We have received a separate format revision from MDPI, which we have integrated in our revised manuscript.
Point 2. The approach adopted needs to be improved in the literature review of smart cities and their challenges.
To better link the challenges faced by growing ‘smart’ cities to accessibility challenges, we now add a paragraph to our Introduction: ‘Disparities in healthcare access arise because of a variety of physical and socioeconomic factors, including social status, household income, transport infrastructure and the spatial distribution of cities (Hiscock et al., 2008; Bissonnette et al., 2012), but it is difficult to conclusively isolate causation within complex urban fabrics (Hickford et al., 2015). Poor healthcare accessibility is known to result in lower healthcare utilization and inferior health outcomes (Hiscock et al., 2008; Dai, 2010; Kawakami et al., 2011), so determining where to build new healthcare facilities is an ongoing challenge for urban planners. Moreover, declining fertility rates and increased longevity are resulting in older, less mobile populations with different accessibility needs compared to younger, more mobile ones (Neutens, 2015; Frank et al., 2019). A major issue for growing cities is to ensure that their transportation systems remain inclusive and equitable across different population groups (Wegener, 2013).’ (p2–3)
Round 2
Reviewer 4 Report
The article had a substantial improvement in its content and presentation form but despite the improvements, the theoretical framework needs to be expanded, an approximate number of 80 updated citations (from the last five years and with DOI) is ideal. There are currently 58 citations. Especially about Smart Cities drivers.
Author Response
We have taken the reviewer's comments on board and added 14 more references in our Introduction, to expand in detail on the concepts behind smart cities and how they relate to accessibility and equity to services. We trust this satisfies the reviewer's request for more citations.

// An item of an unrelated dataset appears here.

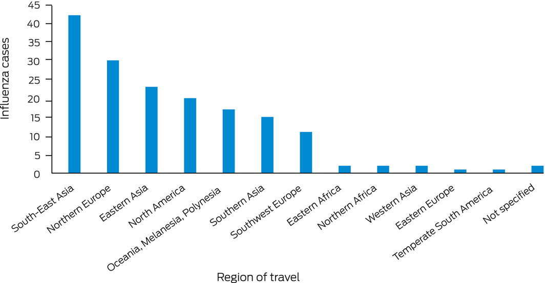 South‐East Asia was the most frequently visited of the World Health Organization (WHO) influenza transmission zones9 by people with notified influenza (42 of 134 respondents); 29 cases had visited two or more zones (Box 5). The most frequently visited countries were Singapore (20 travellers), New Zealand (15), the United States (15), and United Kingdom, Japan and Indonesia (12 each). Interstate travel was reported by 46 people with notified influenza, including to Queensland by 23 and to Victoria by 13.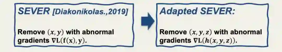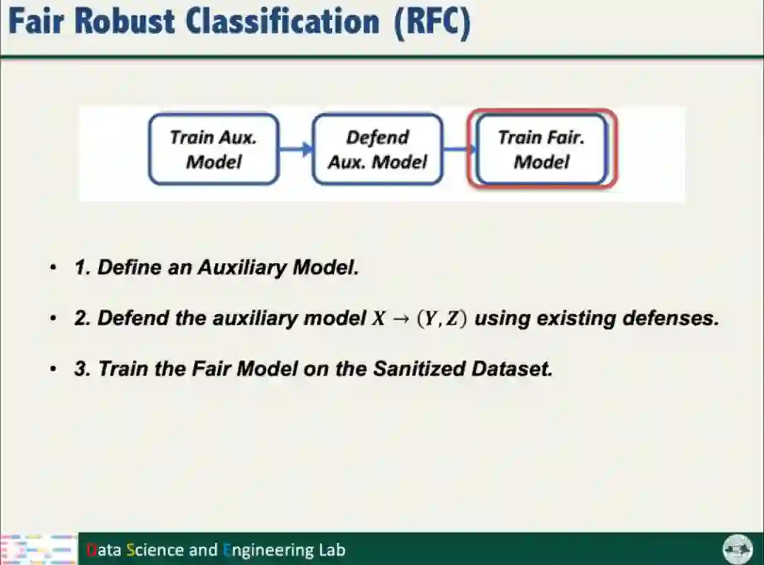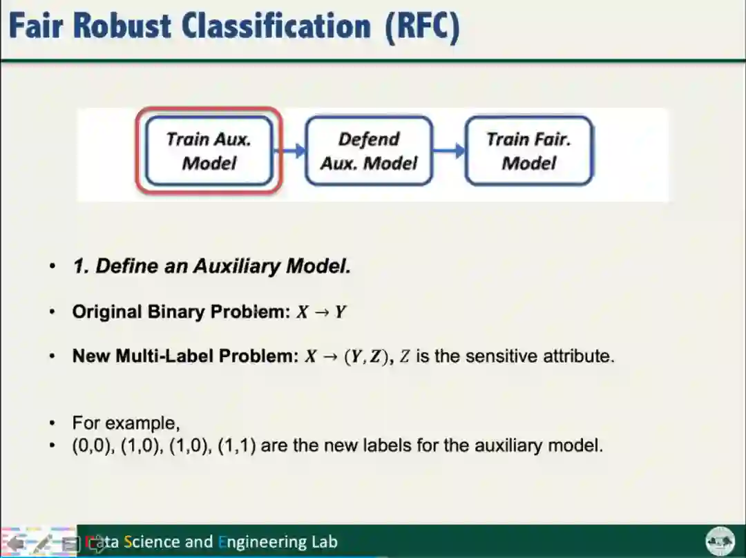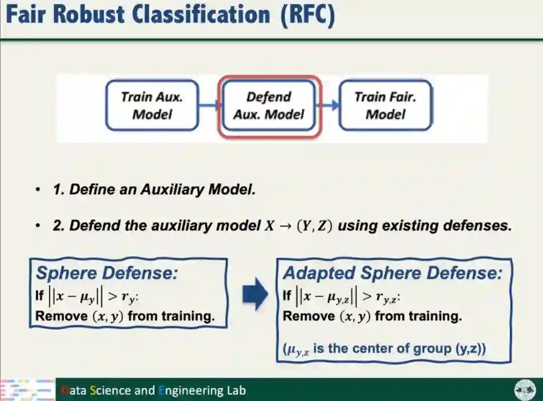 根据以上的分析结果,汤教授提出了公平鲁棒分类算法(Fair Robust Classification,简称RFC)。RFC将分类问题转化为多标签问题,通过训练额外模型,不仅考虑数据标签,还要考虑数据的Sensitive信息;对防御方法(如Sphere Defense和SEVER)进行适配改进。

We now write in the Introduction: "Accessibility (the ease with which people can reach places or opportunities) is an important indicator of the liveability and sustainability of cities. In the global drive to make cities ‘smarter’, there has been an observable trend for greater urban interconnection, especially through investments in physical infrastructure and information communication technologies (ICT) [1,2]. Innovative networks of connected devices and sensors, coupled with smart applications and data analytics, have also revolutionised the ways in which a variety of actors – from city governments to citizens – can simultaneously optimise existing systems [3], improve the quality of life urban residents [4–5] and address sustainable development needs [6–8]. There are widespread calls for smart cities to ensure their services remain inclusive and equitable as they grow [9–10], because evidence shows that universal access to basic services positively impacts human development and societal progress [11–14]."